Two bus lines - one here, one in Madison, Wisconsin - have dropped a Web site's advertising from their vehicles over concerns that a link on the site is a softcore porn link.

Capital Metro Bus service here refused to renew a $36,000 contract for advertising spaces on the sides of its buses with Razorfish Subnetwork, operator of rsub.com, saying it was concerned over the softcore link, according to the Associated Press. Madison Metro has likewise dropped the advertising.

Executived with Razorfish Subnetwork, part of a New York-based company called Razorfish, Inc., tell the AP they were stunned by the decisions. Rsub.com is a gathering of content from various artists, musicians, and writers, and regularly features a nude photograph and links users to a site (www.nerve.com) showing self-proclaimed "literate smut," the AP says.

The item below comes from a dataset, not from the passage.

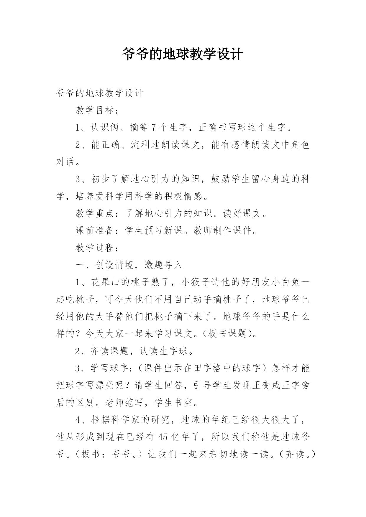 爷爷的地球教学设计爷爷的地球教学设计教学目标:1、认识俩、摘等7个生字,正确书写球这个生字。2、能正确、流利地朗读课文,能有感情朗读文中角色对话。3、初步了解地心引力的知识,鼓励学生留心身边的科学,培养爱科学用科学的积极情感。教学重点:了解地心引力的知识。读好课文。课前准备:学生预习新课。教师制作课件。教学过程:一、创设情境,激趣导入1、花果山的桃子熟了,小猴子请他的好朋友小白兔一起吃桃子,可今天他们不用自己动手摘桃子了,地球爷爷已经用他的大手替他们把桃子摘下来了。地球爷爷的手是什么样的?今天大家一起来学

That site, at this writing, features a "photo of the day" and a link to a recent interview with AVN Adult Video Award winner Tristan Tarmino, who won Best Anal-Themed Tape for Tristan Taormino's Ultimate Guide to Anal Sex for Women.

"It totally surprised us, " Razorfish vice president of marketing Ryan Dolan tells the AP about the contract situation. " Can museums not advertise Renaissance art exhibits because the paintings contain nude people?"

But Capital Metro and Obie Media, an advertising contractor, called it porn which violated its contracts banning tobacco, alcohol, porn, or "anything potentially defamatory," the AP says.

Madison Metro's Julie Maryott-Walsh tells the AP transit officials received e-mail complaining about the Web site and looked the site up before complaining to Obie. "The sign itself on the side of the bus is innocuous, " she says. " It certainly wouldn't make one believe that' s the material you would find."

Capital Metro also says it got numerous calls complaining about the site, the AP says. " We are a public entity with a responsibility to the community to make sure we don' t have ads up that are clearly ...pornographic, " says spokesman Sam Archer to the Austin American-Statesman.